Problem ▸ Your output should be the lines below from the one with "polished and stylish." through the one with "Falda midi beige", copied exactly, pictures excluded.

Data records ▸
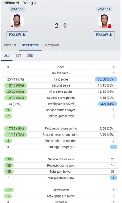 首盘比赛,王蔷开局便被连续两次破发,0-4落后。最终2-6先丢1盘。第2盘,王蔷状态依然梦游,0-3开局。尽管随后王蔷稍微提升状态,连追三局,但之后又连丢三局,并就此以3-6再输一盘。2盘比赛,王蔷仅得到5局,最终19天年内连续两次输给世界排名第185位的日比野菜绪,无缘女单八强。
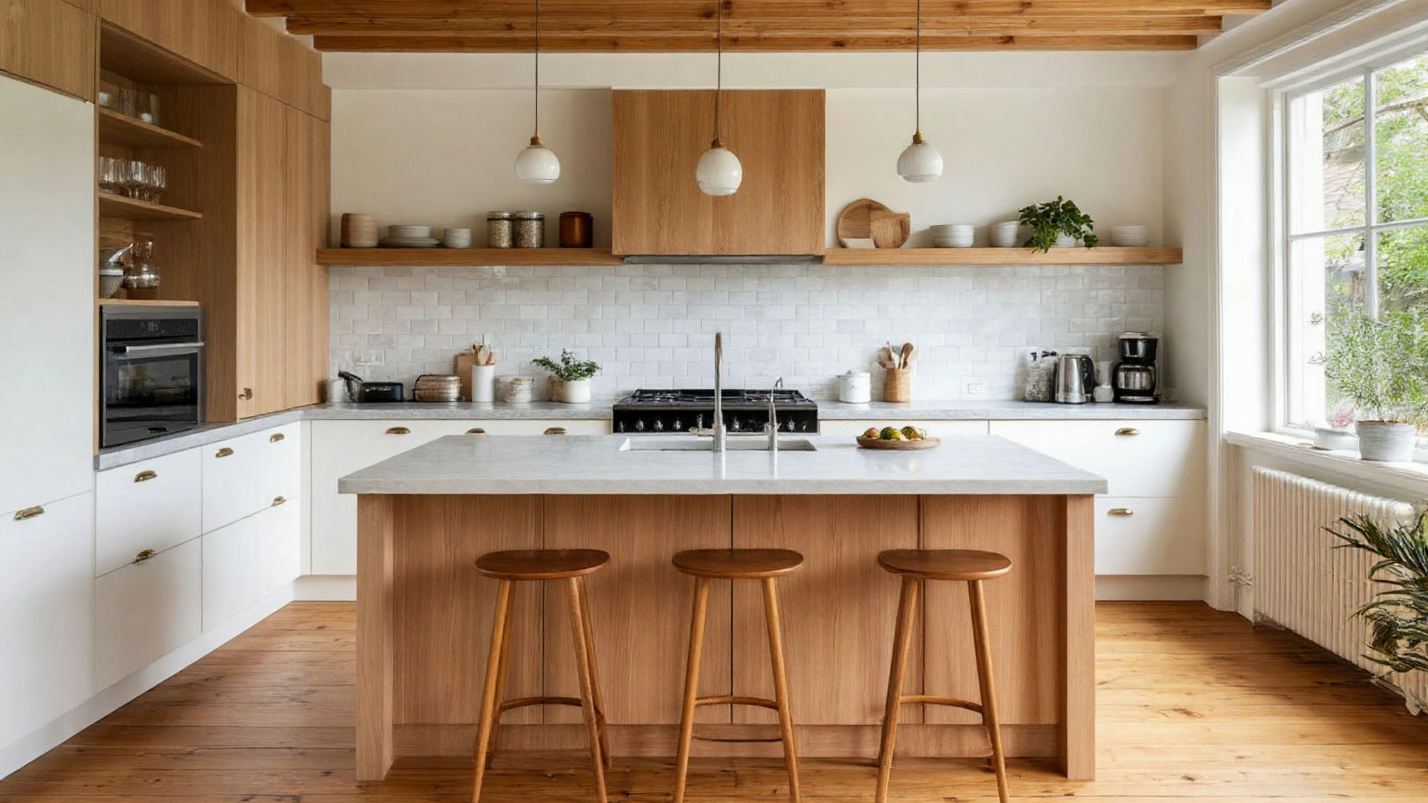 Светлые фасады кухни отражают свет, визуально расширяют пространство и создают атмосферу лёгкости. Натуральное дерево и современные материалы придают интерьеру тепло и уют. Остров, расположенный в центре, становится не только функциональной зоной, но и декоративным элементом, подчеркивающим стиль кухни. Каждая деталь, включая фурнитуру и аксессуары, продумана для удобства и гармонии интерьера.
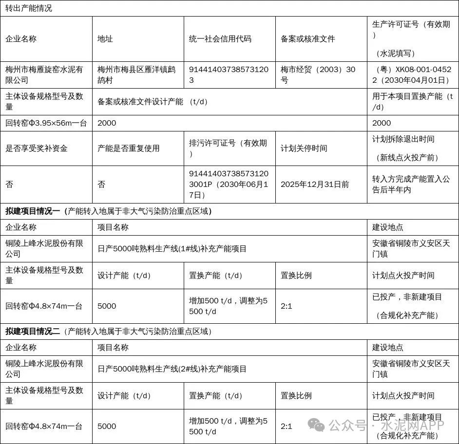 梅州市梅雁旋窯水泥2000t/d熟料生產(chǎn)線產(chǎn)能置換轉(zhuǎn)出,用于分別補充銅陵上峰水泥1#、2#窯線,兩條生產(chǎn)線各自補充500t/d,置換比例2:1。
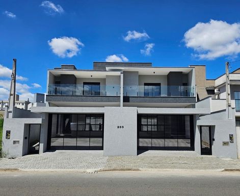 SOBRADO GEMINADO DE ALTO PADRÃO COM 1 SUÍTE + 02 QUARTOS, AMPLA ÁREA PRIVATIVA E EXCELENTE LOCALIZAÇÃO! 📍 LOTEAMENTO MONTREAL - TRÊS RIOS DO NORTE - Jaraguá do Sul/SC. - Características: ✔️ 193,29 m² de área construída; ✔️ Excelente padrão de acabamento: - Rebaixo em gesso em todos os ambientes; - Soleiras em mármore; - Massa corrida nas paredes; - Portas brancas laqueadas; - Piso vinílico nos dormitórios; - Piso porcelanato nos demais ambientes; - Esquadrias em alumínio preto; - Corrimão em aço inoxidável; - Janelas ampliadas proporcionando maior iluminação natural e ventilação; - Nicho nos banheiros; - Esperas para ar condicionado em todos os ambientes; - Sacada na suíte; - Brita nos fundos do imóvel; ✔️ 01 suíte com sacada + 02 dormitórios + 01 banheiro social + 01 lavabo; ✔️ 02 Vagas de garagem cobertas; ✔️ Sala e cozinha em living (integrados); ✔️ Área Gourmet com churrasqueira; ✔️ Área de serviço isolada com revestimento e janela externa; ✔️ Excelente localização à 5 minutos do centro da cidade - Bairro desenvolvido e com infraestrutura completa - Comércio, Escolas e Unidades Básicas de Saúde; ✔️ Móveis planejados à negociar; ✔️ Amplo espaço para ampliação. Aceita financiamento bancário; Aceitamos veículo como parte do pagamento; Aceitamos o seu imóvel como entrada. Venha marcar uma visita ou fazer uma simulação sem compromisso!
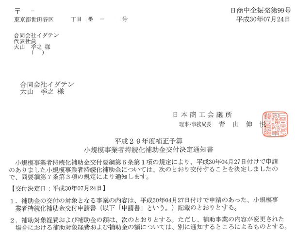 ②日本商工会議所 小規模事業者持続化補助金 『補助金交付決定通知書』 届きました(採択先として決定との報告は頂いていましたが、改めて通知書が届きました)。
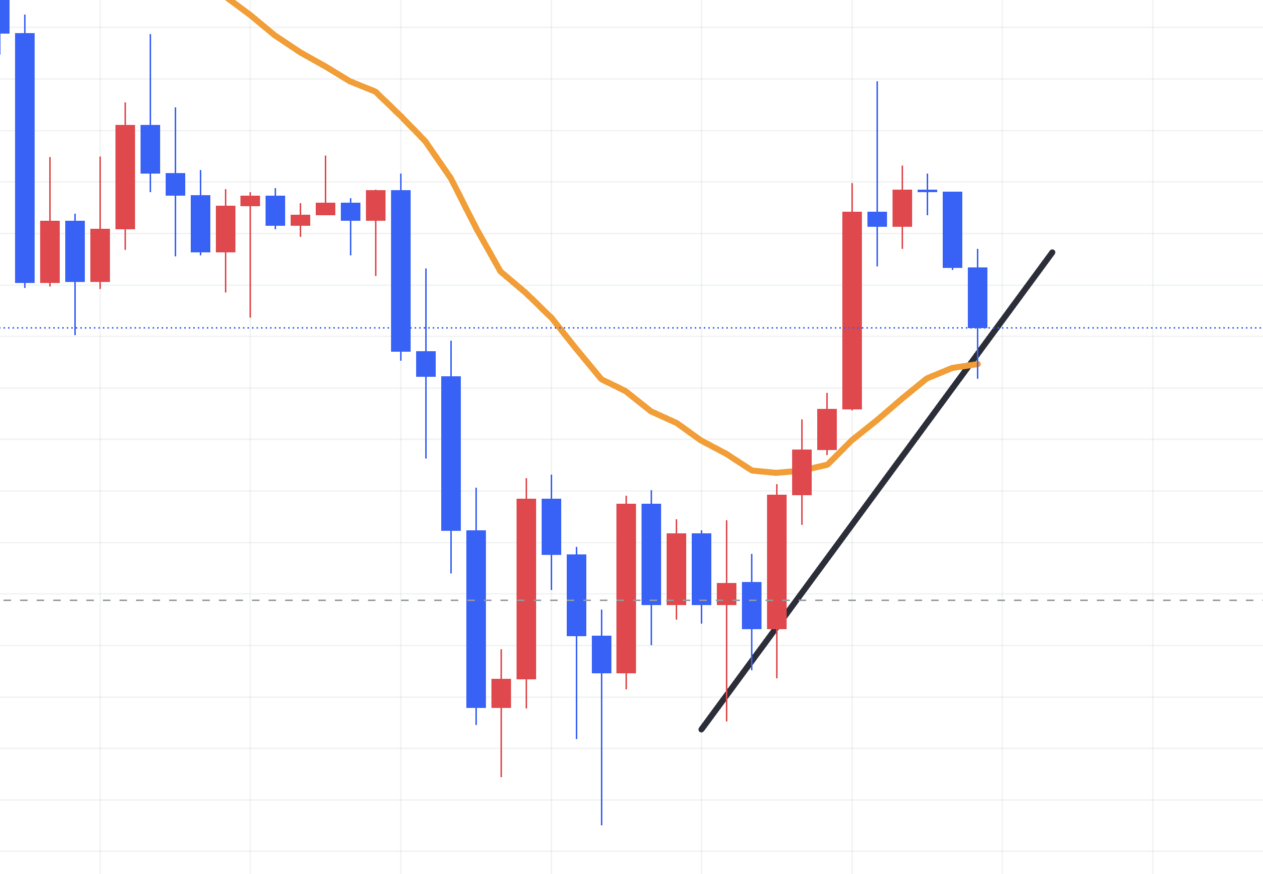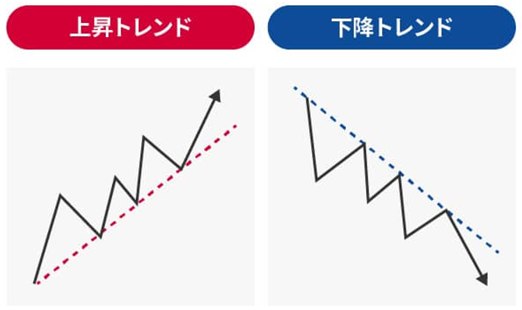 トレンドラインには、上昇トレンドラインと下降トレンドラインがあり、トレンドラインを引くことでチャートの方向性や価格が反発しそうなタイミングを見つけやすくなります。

* * *

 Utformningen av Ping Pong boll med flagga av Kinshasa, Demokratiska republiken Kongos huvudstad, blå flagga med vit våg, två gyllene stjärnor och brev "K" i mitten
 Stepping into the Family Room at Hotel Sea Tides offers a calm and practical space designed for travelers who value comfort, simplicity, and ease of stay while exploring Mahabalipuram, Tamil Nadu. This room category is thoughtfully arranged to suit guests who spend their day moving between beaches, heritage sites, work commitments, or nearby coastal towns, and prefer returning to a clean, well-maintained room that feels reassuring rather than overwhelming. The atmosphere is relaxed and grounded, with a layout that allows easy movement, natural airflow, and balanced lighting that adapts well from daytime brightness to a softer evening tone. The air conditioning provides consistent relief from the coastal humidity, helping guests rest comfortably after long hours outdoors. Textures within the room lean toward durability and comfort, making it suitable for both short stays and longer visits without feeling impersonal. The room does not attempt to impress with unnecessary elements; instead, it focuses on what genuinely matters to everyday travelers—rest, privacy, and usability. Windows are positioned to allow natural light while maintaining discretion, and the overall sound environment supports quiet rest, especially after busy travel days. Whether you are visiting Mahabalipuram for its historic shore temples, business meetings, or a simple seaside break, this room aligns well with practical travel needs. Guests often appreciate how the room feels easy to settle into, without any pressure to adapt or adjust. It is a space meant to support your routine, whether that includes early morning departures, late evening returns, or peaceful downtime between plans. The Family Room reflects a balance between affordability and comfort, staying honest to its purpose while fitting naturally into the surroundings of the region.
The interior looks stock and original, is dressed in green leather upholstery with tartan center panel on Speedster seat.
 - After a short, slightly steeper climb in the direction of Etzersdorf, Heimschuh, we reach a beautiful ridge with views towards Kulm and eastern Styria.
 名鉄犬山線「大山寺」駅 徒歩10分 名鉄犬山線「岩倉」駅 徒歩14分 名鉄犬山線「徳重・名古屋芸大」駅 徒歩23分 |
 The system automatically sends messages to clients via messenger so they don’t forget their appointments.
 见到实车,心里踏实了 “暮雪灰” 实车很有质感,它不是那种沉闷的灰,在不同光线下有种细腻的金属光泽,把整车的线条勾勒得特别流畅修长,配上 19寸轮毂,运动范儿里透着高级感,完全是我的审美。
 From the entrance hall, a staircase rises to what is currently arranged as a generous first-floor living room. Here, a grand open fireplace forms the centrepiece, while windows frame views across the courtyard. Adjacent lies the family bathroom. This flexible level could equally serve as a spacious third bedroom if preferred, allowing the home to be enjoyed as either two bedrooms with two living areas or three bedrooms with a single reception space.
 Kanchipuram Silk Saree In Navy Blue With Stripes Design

--

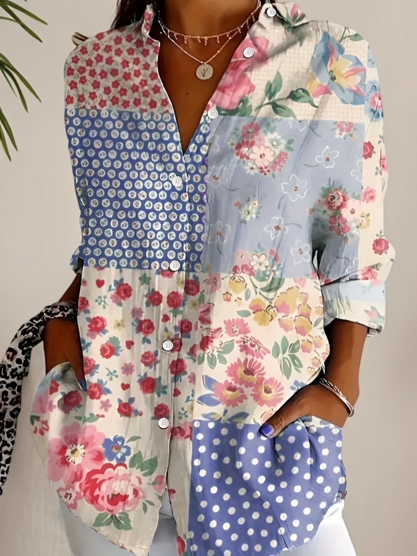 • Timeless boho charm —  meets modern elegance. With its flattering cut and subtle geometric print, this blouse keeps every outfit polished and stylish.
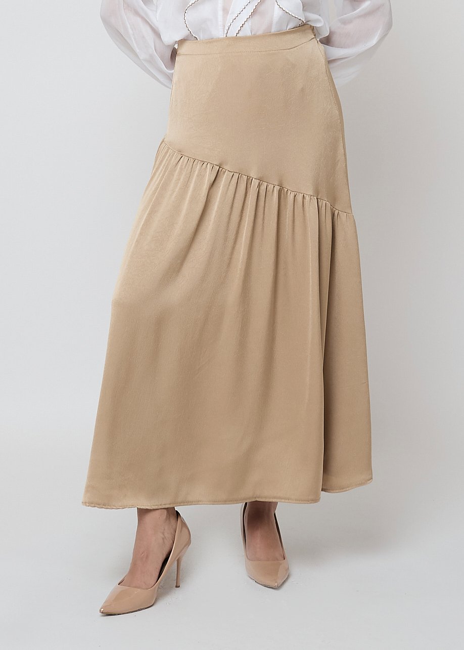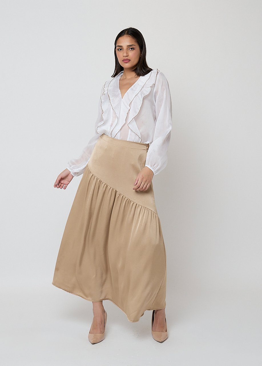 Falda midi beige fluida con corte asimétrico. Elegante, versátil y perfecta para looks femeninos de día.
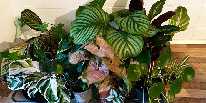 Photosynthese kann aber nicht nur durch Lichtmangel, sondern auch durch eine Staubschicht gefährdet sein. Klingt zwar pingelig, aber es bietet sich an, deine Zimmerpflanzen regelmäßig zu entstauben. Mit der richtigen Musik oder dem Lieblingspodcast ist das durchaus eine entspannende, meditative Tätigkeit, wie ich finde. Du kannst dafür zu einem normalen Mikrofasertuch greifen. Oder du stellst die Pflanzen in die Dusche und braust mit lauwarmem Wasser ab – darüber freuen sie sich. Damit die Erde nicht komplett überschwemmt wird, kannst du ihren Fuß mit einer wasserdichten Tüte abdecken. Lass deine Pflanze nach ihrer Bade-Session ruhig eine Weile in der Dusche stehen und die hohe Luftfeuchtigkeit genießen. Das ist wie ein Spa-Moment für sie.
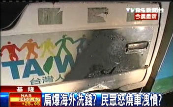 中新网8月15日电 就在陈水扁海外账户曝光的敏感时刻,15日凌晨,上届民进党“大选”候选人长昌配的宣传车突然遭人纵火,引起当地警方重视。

Written response ▸
 • Timeless boho charm —  meets modern elegance. With its flattering cut and subtle geometric print, this blouse keeps every outfit polished and stylish.
 Falda midi beige fluida con corte asimétrico. Elegante, versátil y perfecta para looks femeninos de día.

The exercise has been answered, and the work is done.